Chilling with the locals

Our tour of Vietnam begins in the capital, Hanoi, on a hot, hot, hot sunny day in November.

There is a famous saying in Vietnam: "to be as easy-going and open as a Hanoian". Our first impressions? Well yeah, the saying rings pretty true. People cannot stop smiling at us, and we're smiling back so much our faces hurt. Something tells me this is going to be a gooooooood trip.

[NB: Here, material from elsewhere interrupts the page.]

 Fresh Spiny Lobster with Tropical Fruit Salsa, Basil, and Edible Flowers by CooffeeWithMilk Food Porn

Here are our first impressions:

1. The people

Smiley, friendly, approachable, welcoming, inquisitive. The cliches are true and we've made lots of friends already.

2. The rhythm of the city

Breakfast, lunch, dinner... Why stop at just three meals a day when you can have coffee breaks, tea breaks, meet up with friends for snacks between meals or go out for more food after dinner? We're told that everything here revolves around eating and drinking, and that's just fine with us.

3. The food

Did I mention the food already? It's available everywhere, it's just so fresh and it smells and tastes amazing. So far we've tried fresh coriander and cashew nut noodles, steaming pork broth, mung bean deep-fried rice balls and mocha coffee.

4. The traffic chaos

[youtube=http://www.youtube.com/watch?v=oetF3UTIwbc]

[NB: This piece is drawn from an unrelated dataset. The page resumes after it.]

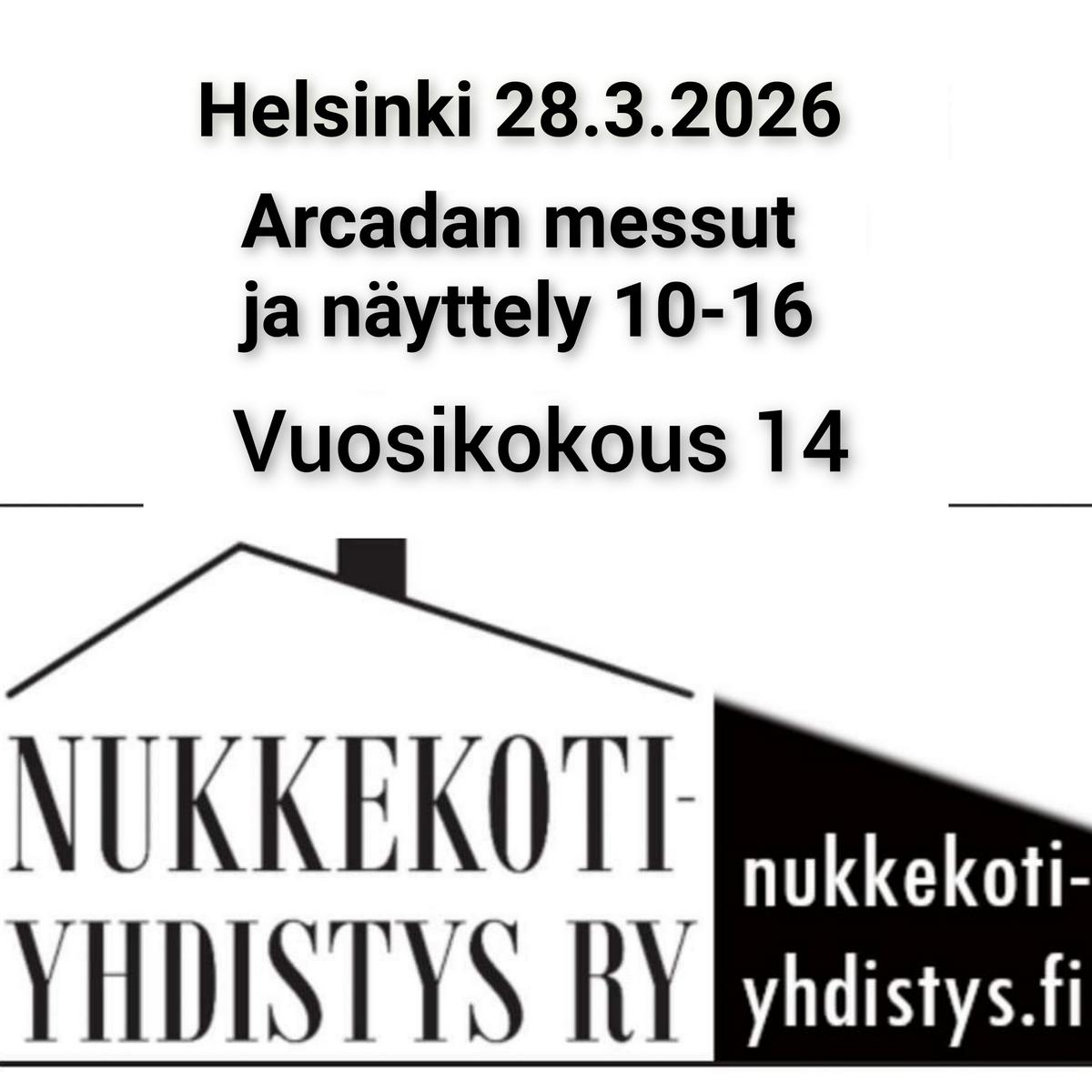 Nukkekotiyhdistyksen vuosikokous pidetään lauantaina 28.3.2026 klo 14.00 Koulutuskeskus Arcadassa, Jan-Magnus Janssonin aukio 1, Arabianranta, Helsinki.

There are motorbikes everywhere and I thought I might never cross the road. But look again and you realise the traffic simply weaves like a shoal of fish making way for pedestrians, minivans, trucks or women balancing baskets of fruit slung across their shoulders like bamboo weighing scales. And nobody gets road rage.

5. The French Quarter...

Different parts of Hanoi have very distinctive flavours. In the French Quarter palm trees line the wide boulevards and the colonial architecture is elegant even where it's crumbling. The whole district glows an ochre yellow - the official colour of power in Vietnam.

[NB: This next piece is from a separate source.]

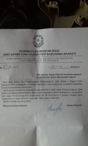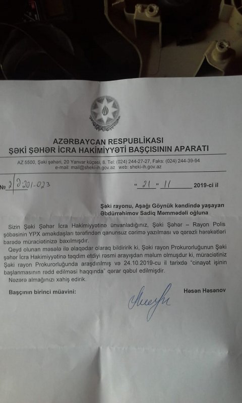 Rəsmən bildirilir ki, Şəki Rayon Prokurorluğu S.Əbdürəhimovun şikayəti əsasında aparılan araşdırmada "cinayət işinin rədd edilməsi" barədə 24.10.2019-cu il tarixli qərar qəbul etmiş və qərar şikayətçiyə göndərilməmişdir.

6. ...versus The Old Quarter

The Old Quarter is raw, earthy, gritty, a whole lot more down and dirty. We liked the vibrancy of this district a lot. Narrow streets bursting with shops selling everything you can think of from car parts, to flowers, to tacky, shiny shirts and handwoven tapestries. The buildings are all hickelty- pickelty and pop up cafes and streetfood everywhere.

7. Streetlife

In some countries, daily life is behind close doors. Not in Vietnam. Here everything spills on to the street: open air haircuts, family gatherings on doorsteps, street trading, tiny plastic chairs and tables where you drink your coffee in the road and parked motorbikes with people lying asleep on top. It's immediately obvious how to get in the fray and interact with the Vietnamese.

8. The lakes

Hanoi sits around seven natural lakes, the best place to catch the breeze, gaze at the pagodas and people watch. Meandering couples, giggling girls in traditional ao doi dresses, huge families eating ice cream and lovely pagodas.

9. The tropical trees

I love a city with palm trees! Toto, we're not at in Bristol anymore. Bonsai are strangely popular here too.

10. The museums

There are lots of excellent museums here: dedicated to military history, indigenous art and the women of Vietnam to name but a few. We went to the Museum of Ethnology which was excellent, very informative. Here we learnt about the 54 ethnic groups that make up Vietnam, some of whom we hope to meet later on this trip.